# What are your favorite video game opening cinematics?



## Crimson Lotus (Jul 26, 2013)

I've always loved Fallout 2's intro, it just sets the mood so well for all the dark humor of the game.






Also, the one from Legacy of Kain: Soul Reaver.






Despite knowing nothing about LoK's lore that cinematic really engrossed me when I first saw it as a child.


----------



## Recessive J (Feb 18, 2014)

The Final Fantasy VII intro is still a classic :clap


----------



## BTAG (Jun 27, 2013)

Mortal Kombat: Shaolin Monks. A good amount of Dynasty Warriors games have an awesome opening cinematic as well.


----------



## Ciaran128 (Mar 19, 2014)

Recessive J said:


> The Final Fantasy VII intro is still a classic :clap


Definitely. I also love the intro to Final Fantasy VIII, the music is epic!


----------



## Kascheritt (Mar 7, 2012)

All of The Witcher openings.


----------



## Scrub-Zero (Feb 9, 2004)




----------



## Tokztero (Sep 12, 2013)

Silent Hill 4: The Room


----------



## Wirt (Jan 16, 2009)

Killzone 2 is pretty awesome. Brian cox in general is pretty awesome

Last of us

Resident evil 1


----------



## Diacetylmorphine (Mar 9, 2011)

Anything Final Fantasy is going to be amazing. (FFVIII has to be my favourite) 
I've always loved Tekken's cinematic openings also, especially this one: Starting with Asuka's appearence.






Kingdom Hearts always hits hard, right in the feels:


----------



## MuckyMuck (Oct 15, 2013)

Yeah, have to agree, Witcher 2 was pretty cool.

For me though, nothing beats Demons Souls, that haunting music (ah-ahhhh), the way it picks up and the melancholy video.

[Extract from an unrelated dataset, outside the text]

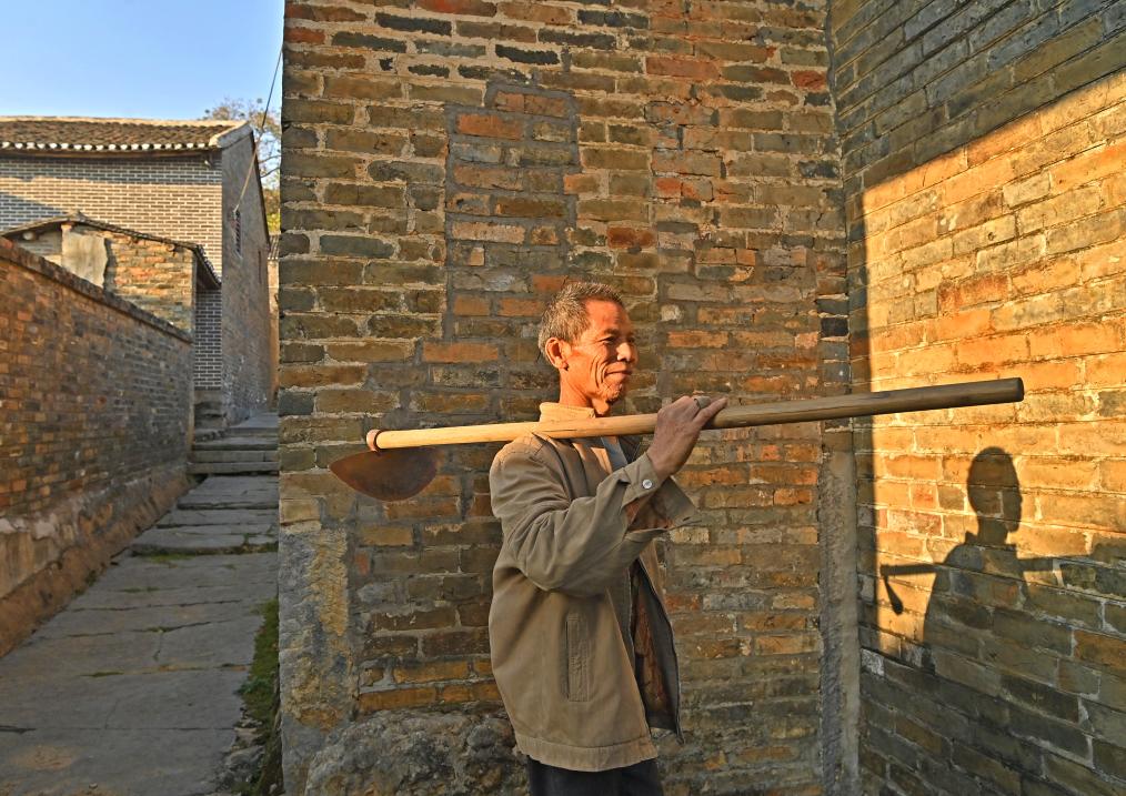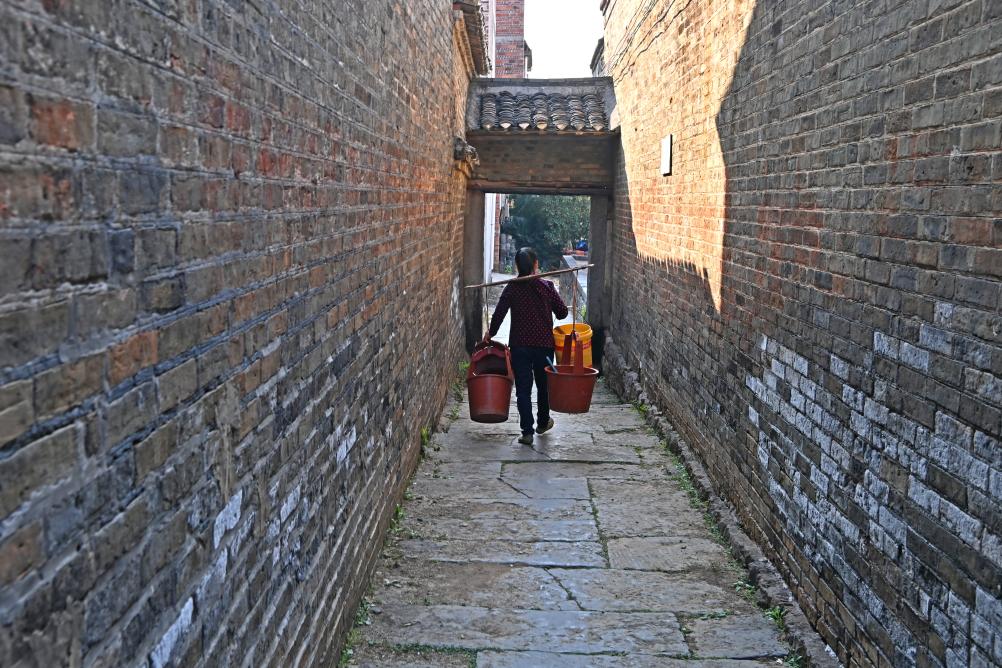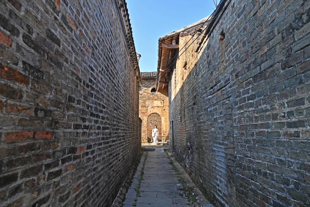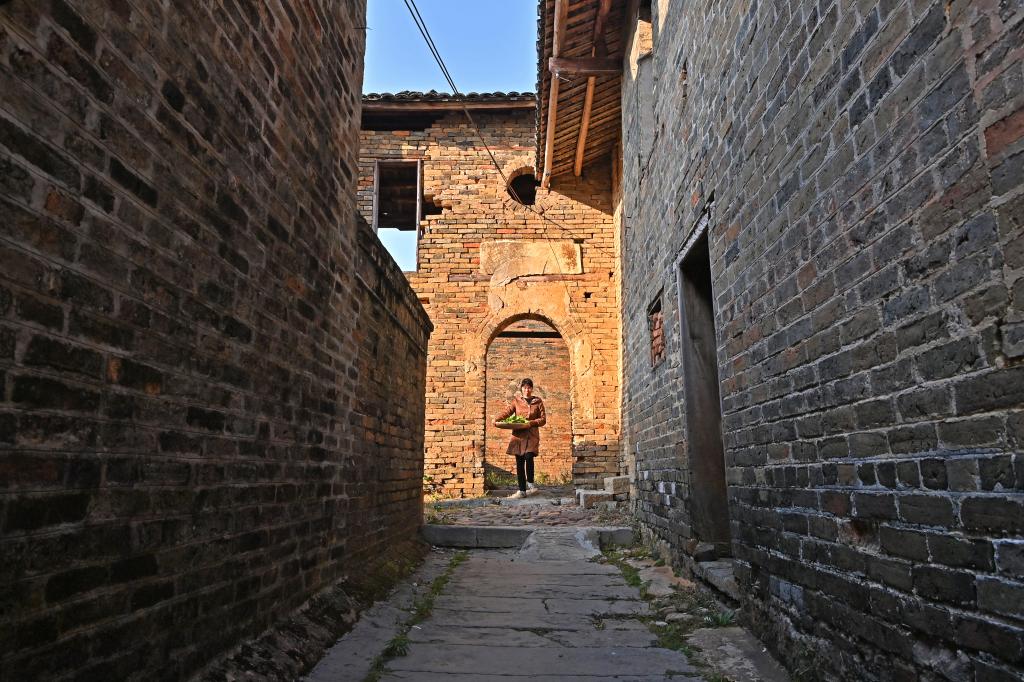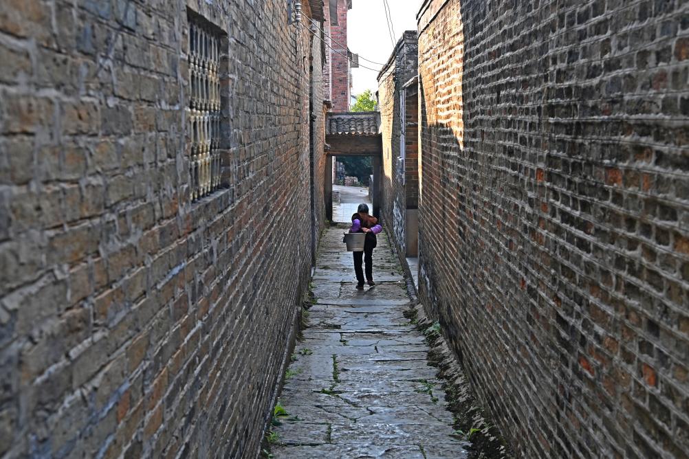 一名村民行走在广西来宾市金秀瑶族自治县桐木镇那安村龙腾屯的古巷(12月19日摄)。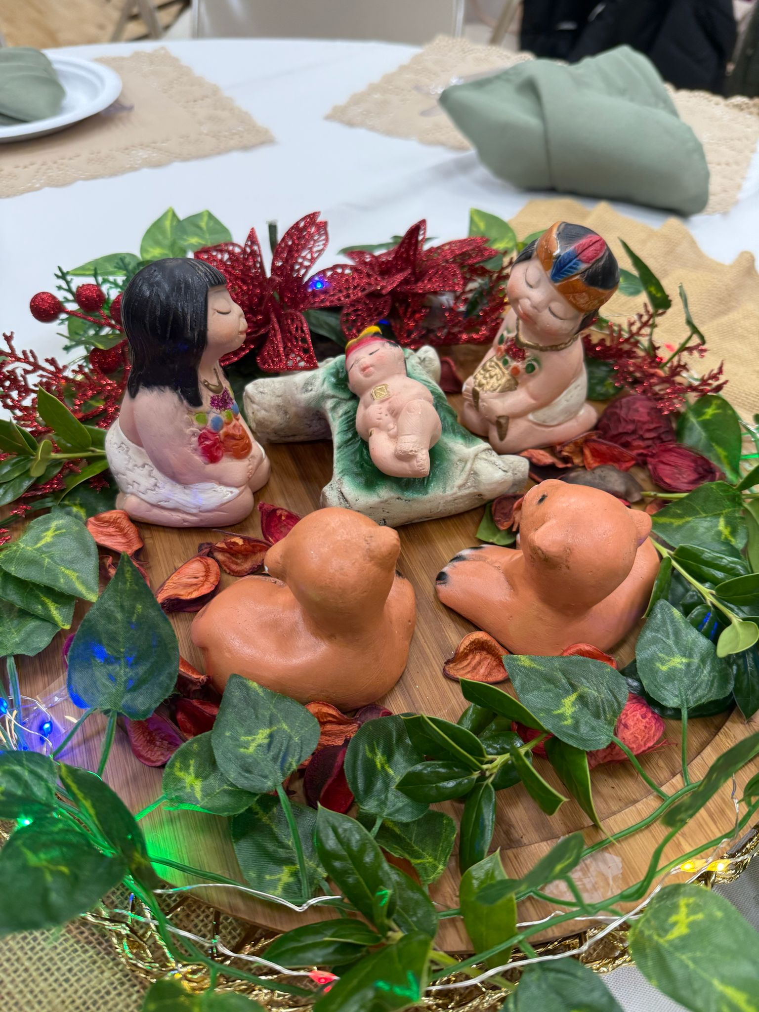 Each table was decorated by the students themselves. They brought pieces of their own traditions — objects, colors, and arrangements that reflected where they came from. No two tables looked alike. Together, the room looked like the world.

A close second would be MGS2, the bridge, the music....oh the music:


----------



## Persephone The Dread (Aug 28, 2010)

VipFuj said:


> Killzone 2 is pretty awesome. *Brian cox* in general is pretty awesome
> 
> Last of us
> 
> Resident evil 1


This confused me because I thought of the physicist and then I realised lol. People having the same name tsk. :no

Well Final Fantasy VII..

and the other VII's











Can we count cinematic trailers for expansion packs? 
















if not anyway:


























The music alone makes every Blizzard WoW video awesome :3

and probably others but since I've just spammed all those WoW videos, I'll leave it there


----------



## Persephone The Dread (Aug 28, 2010)

Oh my god, sorry, don't know how I forgot this though. Such an amazing game:






And this one while I'm at it:






Fallout 3's ambient music is soooo good as well.

Done now, I promise 

I'm not going to link it because I promised, but Tomb Raider Underworld's intro is good too. Cool guys don't look at explosions ♪


----------



## Nefury (May 9, 2011)

The Black Temple/WoTLK ones were brilliant, think my favourite WoW one was for Zul'Aman.


----------



## AlexSky (Jun 1, 2011)

I'm doing a replay of this game (guilty pleasure, I know)


----------



## Canucklehead (Aug 28, 2012)

Starcraft, the first one.


----------



## minimized (Nov 17, 2007)

War. War never changes.

I was struggling to think of one but then I thought of Bioshock. You crash in the sea and then you listen to Ryan's spiel and go down in the bathysphere into this massive, ****ed-up civilization.


----------



## NVU (Jul 1, 2010)

Resident Evil 2

I'd love a remake of this on modern consoles... do it Sony.


----------



## sad vlad (Nov 9, 2013)

The only PC game I have ever played.

World War Z reminded me of this game a lot.


----------



## CEB32 (Mar 6, 2014)

Wasted game, great intro






No list is complete without some 40k ;-)






ps2 era






didnt want to post this version but the original ones on youtube dont seem to show the bit underwater, there was nothing like this back then and although not really a cinematic i have to post it 






;-)






and here is what we would have if ****ty consoles didnt keep halting advancements


----------



## BizarreReverend (Feb 9, 2014)

For no other reason than it was the first game I owned


----------



## Persephone The Dread (Aug 28, 2010)

BizarreReverend said:


> For no other reason than it was the first game I owned


It was called Tombi here, I had the demo of that and it was awesome


----------



## Scrub-Zero (Feb 9, 2004)

Eve Online always does have cool cinematic.


----------



## JH1983 (Nov 14, 2013)

I bought this game the day it came out and I thought it was the coolest thing ever. Final Fantasy 6.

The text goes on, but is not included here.